:: Raw data ::
Segment Open
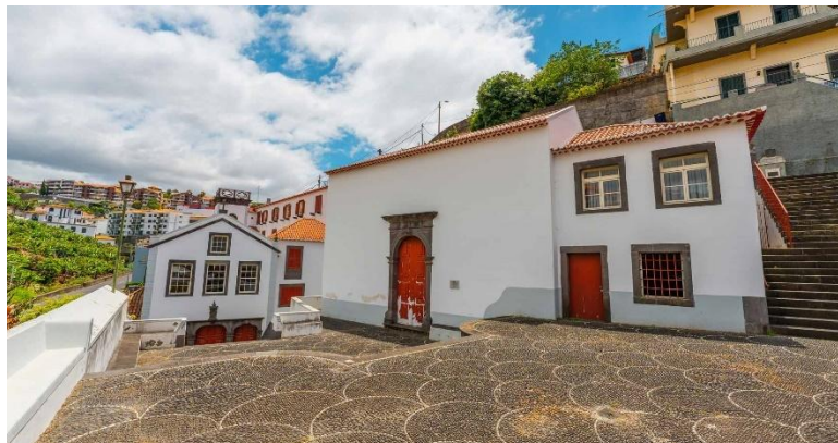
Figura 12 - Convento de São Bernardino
Segment Closed
Segment Open
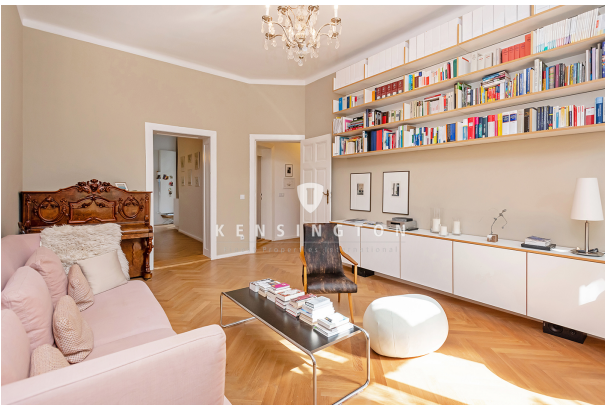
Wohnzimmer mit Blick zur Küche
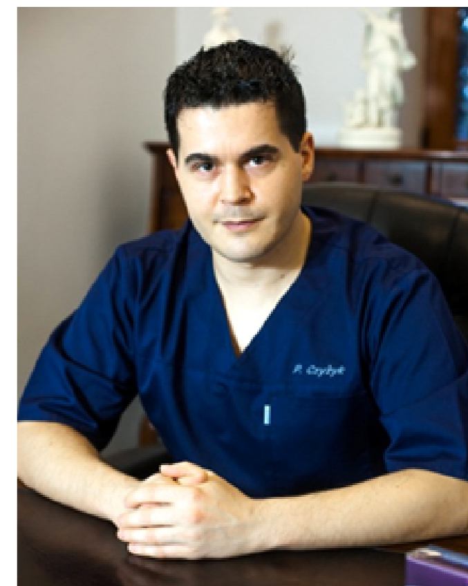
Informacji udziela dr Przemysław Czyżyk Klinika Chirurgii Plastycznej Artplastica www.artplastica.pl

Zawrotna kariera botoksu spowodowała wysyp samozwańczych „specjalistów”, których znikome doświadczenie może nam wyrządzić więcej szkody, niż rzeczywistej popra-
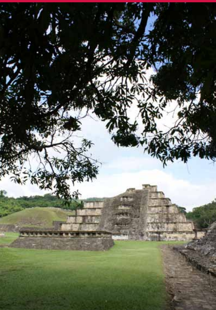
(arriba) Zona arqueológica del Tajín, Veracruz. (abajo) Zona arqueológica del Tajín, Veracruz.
Segment Closed
:: Directions ::
Transcribe, from the material above, the stretch starting at the line with "Informacji udziela dr" and ending at the line with "(arriba) Zona arqueológica", both included, exactly. Do not carry over pictures.

:: Output below ::
Informacji udziela dr Przemysław Czyżyk Klinika Chirurgii Plastycznej Artplastica www.artplastica.pl

Zawrotna kariera botoksu spowodowała wysyp samozwańczych „specjalistów”, których znikome doświadczenie może nam wyrządzić więcej szkody, niż rzeczywistej popra-
(arriba) Zona arqueológica del Tajín, Veracruz. (abajo) Zona arqueológica del Tajín, Veracruz.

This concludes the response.